Results of Operations
Net sales in the second quarter ended February 28, 1994 of $37.0 million were
comparable to sales in the prior year quarter of $36.6 million. The gross
profit margin of 20.9% of net sales increased from 15.0% in the second
quarter of 1993. The increase is attributable to cost reductions.
Selling, general and administrative expense decreased 13.0%, on equivalent
sales, from $6.2 million in the fiscal 1993 quarter to $5.4 million in the
current quarter.
Interest expense increased by $290,000 as a result of higher borrowing levels
during the quarter to build inventories required for increased demand. The
backlog of orders increased by more than $70 million from the prior-year
level. The increase in orders is due, primarily, to the implementation of
just-in-time relationships with major retailers. The new leaders in room air
conditioner retailing require delivery during the peak season (April through
July) rather than before their selling season.

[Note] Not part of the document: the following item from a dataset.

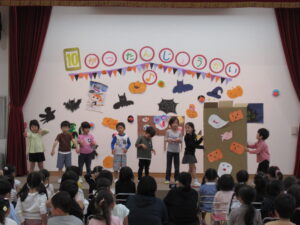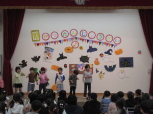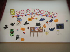 ステージには、コウモリやおばけ、フランケンシュタイン、魔女にジャックオランタン、たくさんお菓子もあります。ハロウィン誕生会にピッタリな飾りになっています。飾り係さん、渾身の飾りです。

Net income for the fiscal 1994 quarter amounted to $1.1 million compared with
a loss of $886,000 in the fiscal 1993 quarter.
Six Months
In the seasonally slow six-month period ended February 28, 1994, sales were
off 4.8% to $47.5 million compared with $49.9 million in the prior fiscal
year.
Gross profit margin improved to 20.6% of net sales during the fiscal 1994
period, compared with 15.8% in fiscal 1993.
Selling, general and administrative expenses in the six months of fiscal 1994
were reduced by 8.1% to $10.6 million from $11.5 million in fiscal 1993.
In the six-month period, the Company reduced by 50% the seasonal pre-tax loss
on 5% lower sales.
The six months of fiscal 1994 were affected by the adoption of Statement of
Financial Accounting Standards ("SFAS") No. 109, "Accounting for Income
Taxes." This resulted in a decrease in the effective tax rate from 39% in
fiscal 1993 period to 3% in fiscal 1994, reducing the six-month tax benefit.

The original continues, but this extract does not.